What the task requires:
Every line from the one containing "A great feature" to the end of the records below must be copied exactly, and no pictures may be included.

Entries taken from a collection
========================

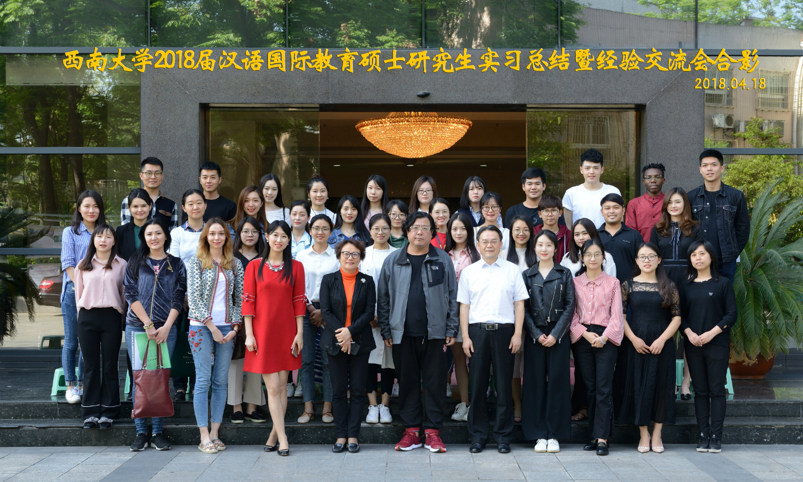 王静经理宣读《关于表彰2016级汉语国际教育硕士优秀实习生的决定》,受表彰的优秀实习生和在场领导一起合影留念。至此,2018届汉语国际教育硕士研究生实习总结会暨经验交流会圆满结束。
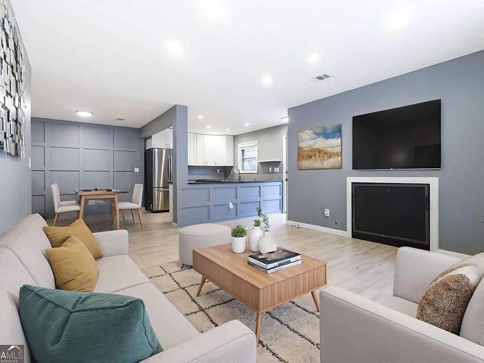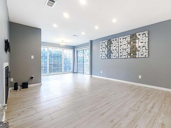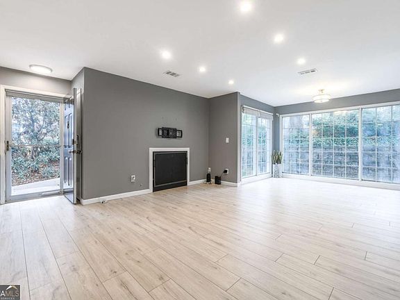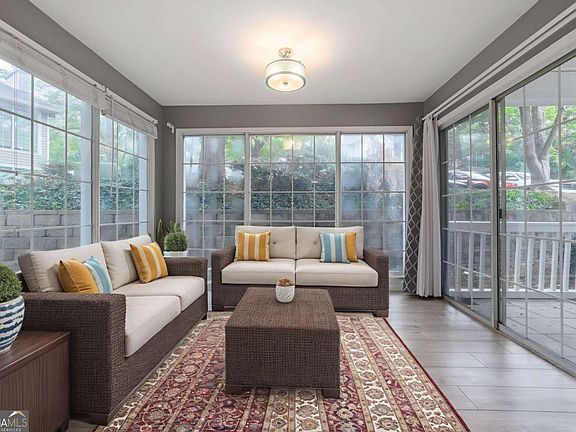 Convenient to I-75/I-285, this updated condo showcases a rare open floorplan for the community. A sleek, modern kitchen overlooks the other main living areas including a dining area with custom accent wall, living area with fireplace and a sun room with three walls of windows and access to the covered patio. The primary bedroom features a custom walk-in closet system, and the secondary bedroom has direct patio access. The unit's bathroom has been upgraded with modern tile floor, oversized vanity and tile shower with glass door. The utility closet with in-unit laundry is also well-sized. Great flow and plenty of updates. Community swim + tennis. Minutes from all the Battery has to offer!
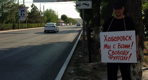 Участник второго одиночного пикета, член партии "Яблоко" Владимир Довданов сообщил корреспонденту "Кавказского узла", что его акция под лозунгом "Хабаровск, мы с вами! Свободу Фургалу!" прошла в центре Элисты, у памятника "Эхо" с 17.35 мск до 18.05 мск.
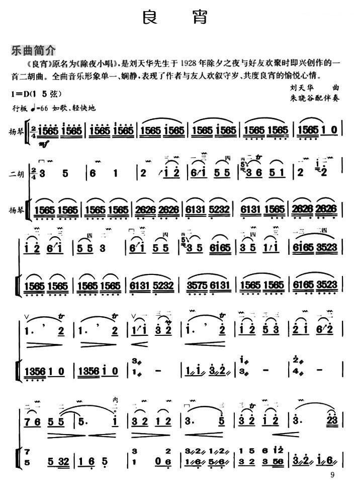良宵(扬琴伴奏)二胡谱
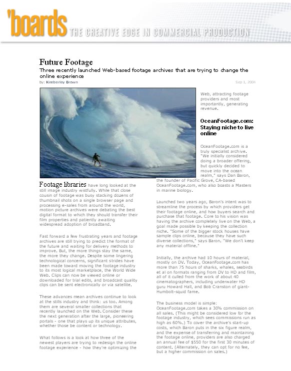 A great feature achieved for leading stock footage provider OceanFootage, in leading trade magazine 'boards -- exactly where they wanted to be.
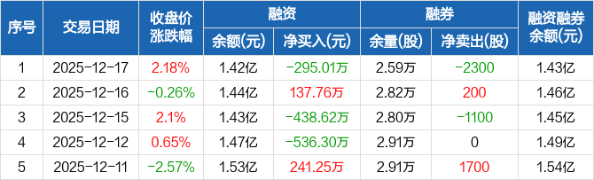 密尔克卫:融资净偿还295.01万元,融资余额1.42亿元(12-17)
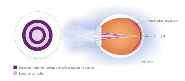 Les deux zones de traitements permettent une correction complète de la myopie dans toutes les directions du regard. Les zones de traitement sont, quant à elles, conçues pour assurer une défocalisation myopique adaptée a toutes les prescriptions, aux changements de diamètre pupillaire et aux variations de centrage des lentilles. L’image est ainsi focalisée en avant de la rétine plutôt qu’en arrière, ce qui ralentit l’élongation axiale..
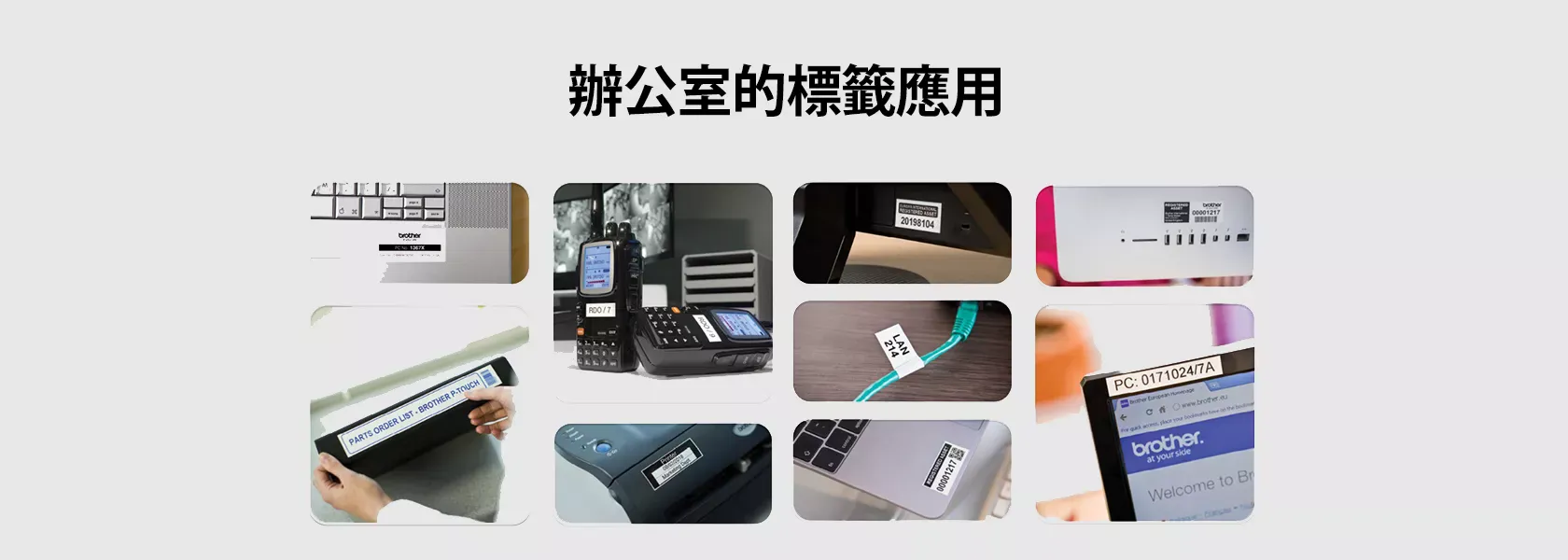 在辦公桌或需貼標籤的地方,隨時隨地製作客製化標籤,Brother P-touch 系列標籤機可製作任何有設備管理需求的耐用標籤。

========================

Answer below:
 A great feature achieved for leading stock footage provider OceanFootage, in leading trade magazine 'boards -- exactly where they wanted to be.
 密尔克卫:融资净偿还295.01万元,融资余额1.42亿元(12-17)
 Les deux zones de traitements permettent une correction complète de la myopie dans toutes les directions du regard. Les zones de traitement sont, quant à elles, conçues pour assurer une défocalisation myopique adaptée a toutes les prescriptions, aux changements de diamètre pupillaire et aux variations de centrage des lentilles. L’image est ainsi focalisée en avant de la rétine plutôt qu’en arrière, ce qui ralentit l’élongation axiale..
 在辦公桌或需貼標籤的地方,隨時隨地製作客製化標籤,Brother P-touch 系列標籤機可製作任何有設備管理需求的耐用標籤。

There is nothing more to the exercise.